*Your assignment:*
What is needed is a word-for-word copy of the lines below from the one with "Jens Drachmann ( 1880" through the one with "Tabourets de vacher", both included, with every picture left out.

*Data supplied:*
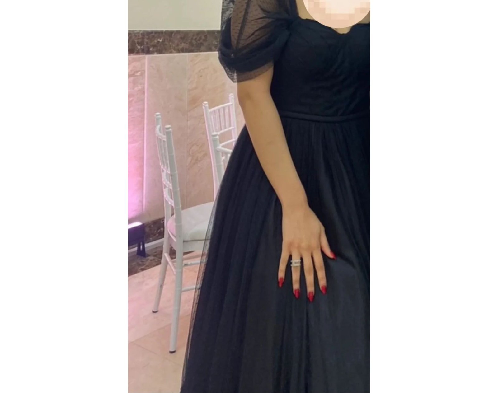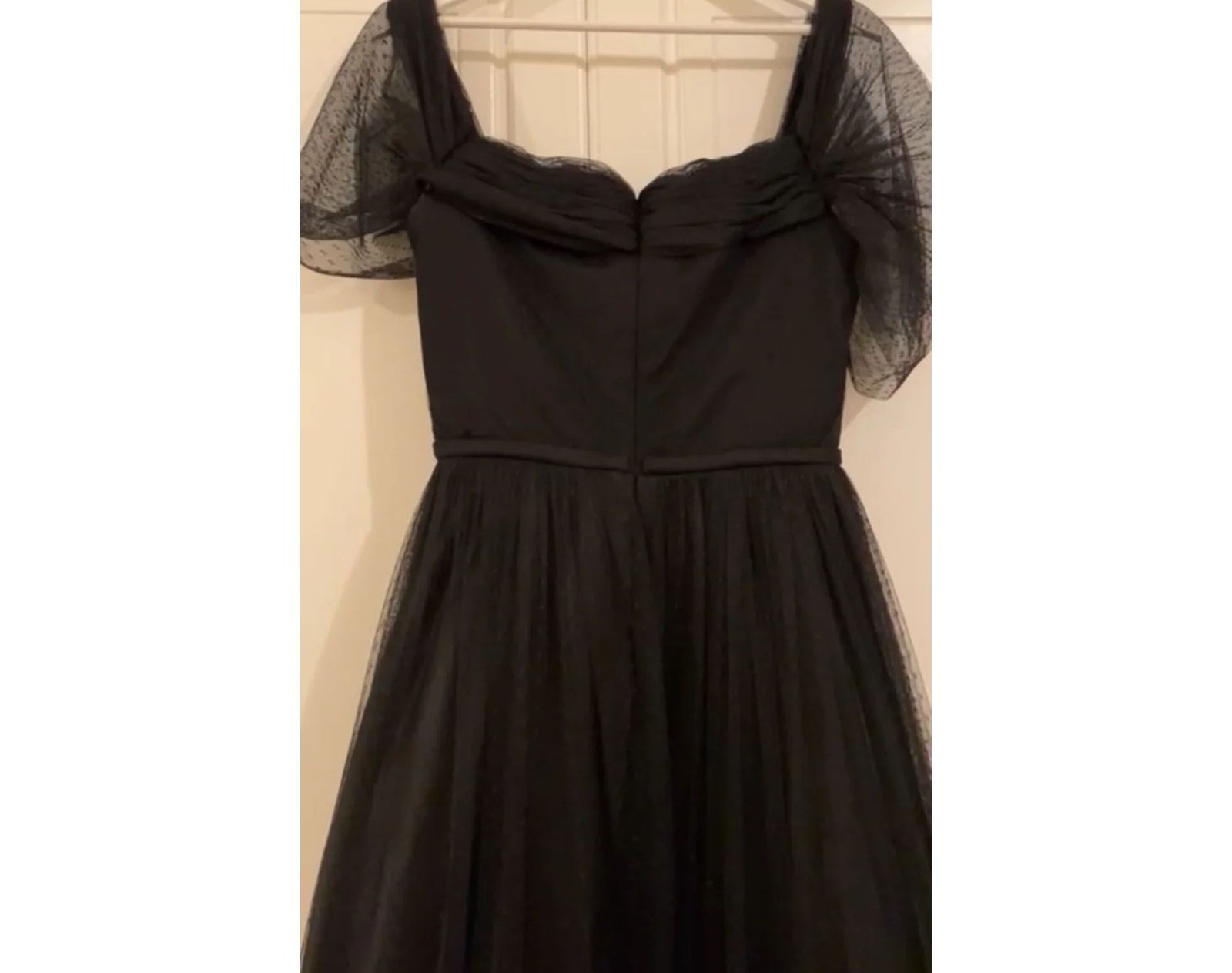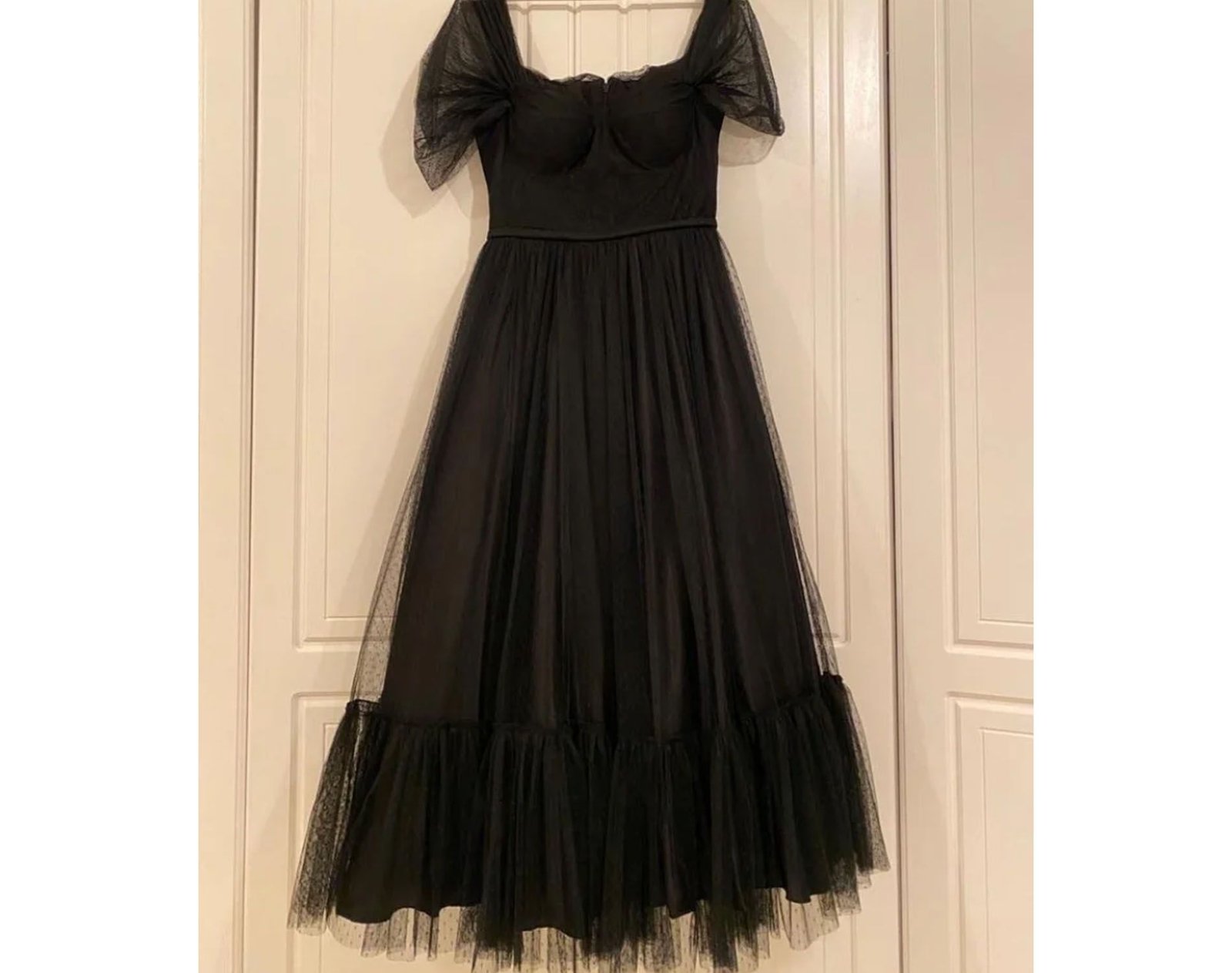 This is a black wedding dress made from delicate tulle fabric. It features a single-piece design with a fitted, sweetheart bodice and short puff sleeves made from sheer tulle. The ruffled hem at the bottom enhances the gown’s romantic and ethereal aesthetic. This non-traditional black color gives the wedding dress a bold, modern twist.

...

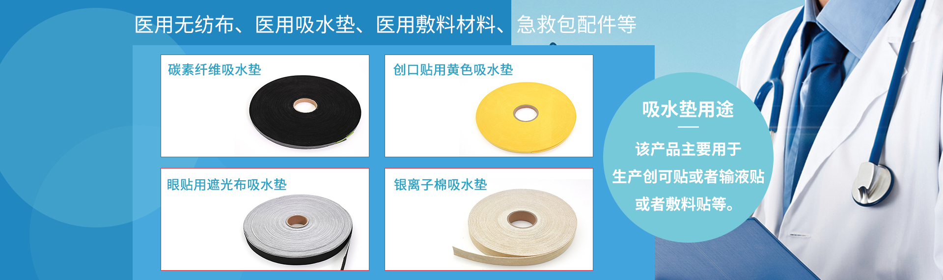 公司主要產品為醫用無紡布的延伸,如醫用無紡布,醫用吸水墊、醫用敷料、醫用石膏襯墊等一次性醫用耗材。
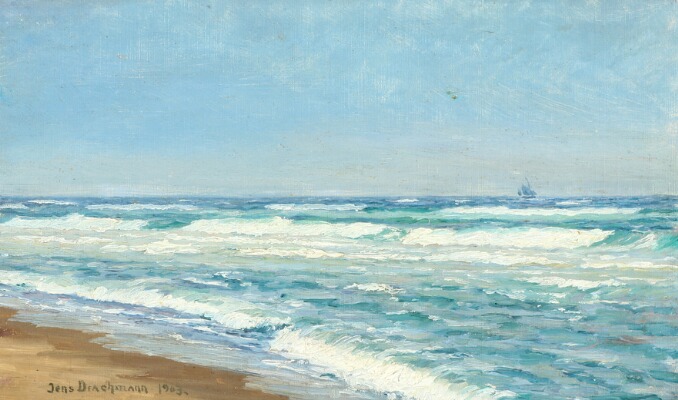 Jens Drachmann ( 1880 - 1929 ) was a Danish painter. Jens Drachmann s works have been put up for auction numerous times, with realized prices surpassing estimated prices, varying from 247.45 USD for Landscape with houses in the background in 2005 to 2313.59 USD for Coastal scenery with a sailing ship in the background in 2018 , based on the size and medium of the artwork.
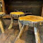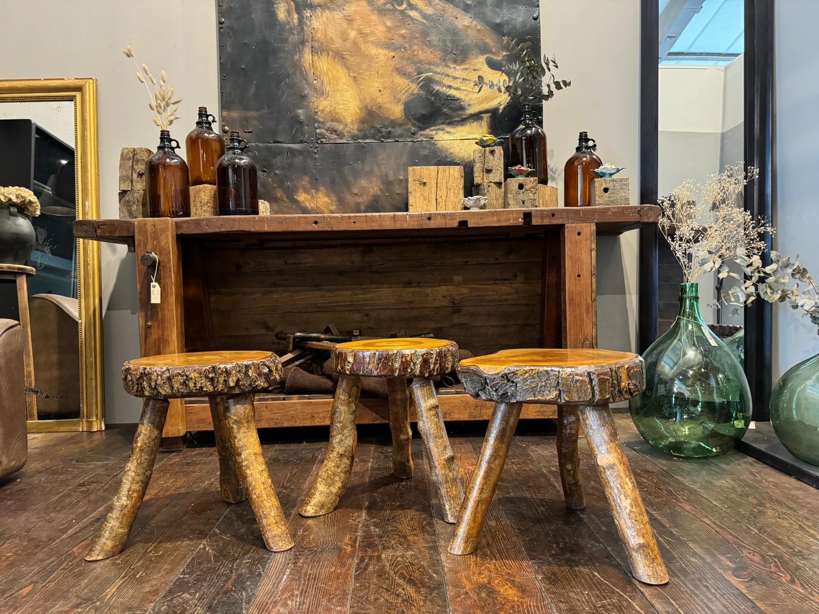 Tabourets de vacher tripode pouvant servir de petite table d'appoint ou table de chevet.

...

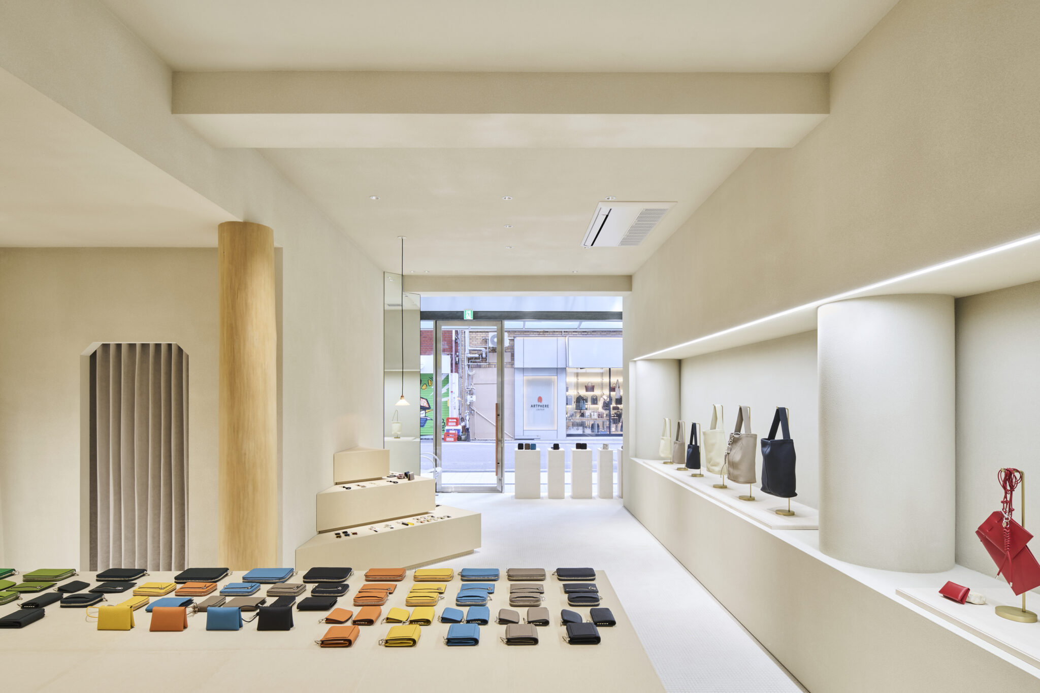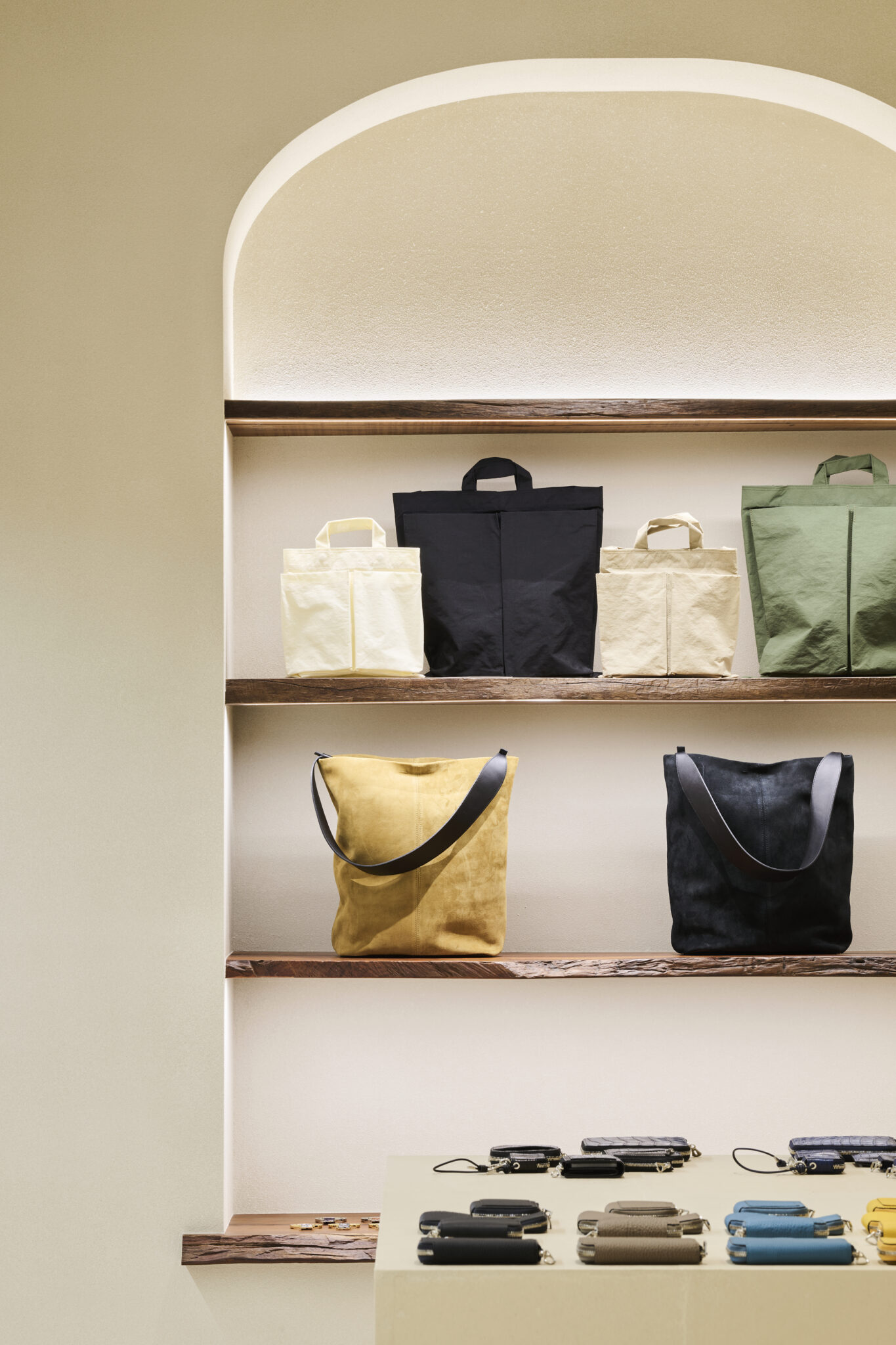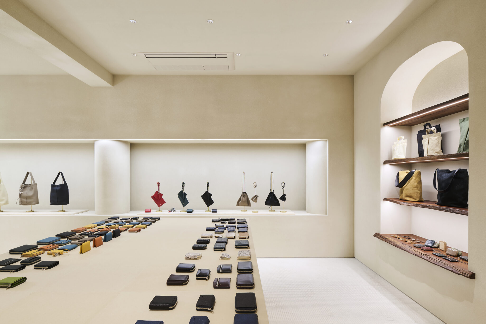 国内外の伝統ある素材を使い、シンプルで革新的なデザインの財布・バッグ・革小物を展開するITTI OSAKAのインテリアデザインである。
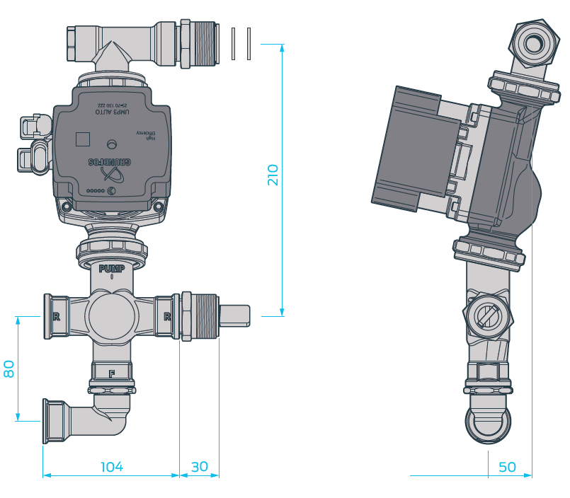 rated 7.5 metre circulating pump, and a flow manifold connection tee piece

*Solution:*
 Jens Drachmann ( 1880 - 1929 ) was a Danish painter. Jens Drachmann s works have been put up for auction numerous times, with realized prices surpassing estimated prices, varying from 247.45 USD for Landscape with houses in the background in 2005 to 2313.59 USD for Coastal scenery with a sailing ship in the background in 2018 , based on the size and medium of the artwork.
 Tabourets de vacher tripode pouvant servir de petite table d'appoint ou table de chevet.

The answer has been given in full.